Clustering algorithms
We have selected five well known stateoftheart clustering algorithms based on different approaches, and all suitable for weighted graphs. They will be applied to all of the networks to then evaluate the results:

Louvain method (Blondel et al., 2008), a multilevel greedy algorithm for modularity optimization. We use the original algorithm, without the resolution parameter (i.e. with resolution γ = 1).

Leading eigenvector method (Newman, 2006a), based on spectral optimization of modularity.

Label propagation (Raghavan, Albert & Kumara, 2007), a fast algorithm in which nodes are iteratively assigned to the communities most frequent in their neighbors.

Walktrap (Pons & Latapy, 2005), based on random walks.

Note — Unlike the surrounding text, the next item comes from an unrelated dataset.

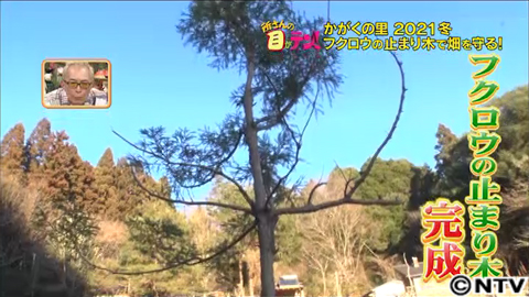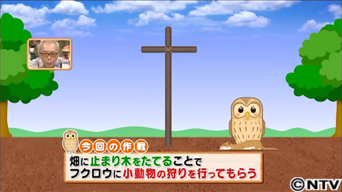 守山先生の作戦は里の畑まで来ているはずのフクロウを利用するもの!イタチなど小動物を捕まえやすいよう、止まり木をたててやれば、フクロウが畑で狩りを行う可能性が上がるそうなんです。

Spinglass (Reichardt & Bornholdt, 2006), tries to find communities in graphs via a spinglass model and simulated annealing.
In any application, the choice of the clustering algorithm will be hugely dependant on the characteristics of the dataset, as well as its size. The methods proposed here, though, can be applied to evaluate any combination of weighted graph and clustering algorithm.
Data

Zachary’s karate club: Social network of a university karate club (Zachary, 1977). The vertices are its 34 members, and the edge weights are the number of interactions between each pair of them. In this case, we have a “ground truth” clustering, which corresponds to the split of the club after a conflict, resulting into two clusters.

Forex network: Network built from correlations between time series of exchange rate returns (Renedo & Arratia, 2016). It was built from the 13 most traded currencies and with data of January 2009. It is a complete graph of 78 edges (corresponding to pairs of currencies) and has edge weights bounded between 0 and 1.

News on Corporations network: In this network, a list of relevant companies are the nodes, while the weighted edges between them are set by the amount of times they have appeared together in news stories over a certain period of time (in this instance, on 20190313). It has 899 nodes and 13,469 edges.

Social network: A Facebooklike social network for students from the University of California, Irvine (Opsahl & Panzarasa, 2009). It has 1899 nodes (students) and 20,296 edges, weighted by the number of characters of the messages sent between users.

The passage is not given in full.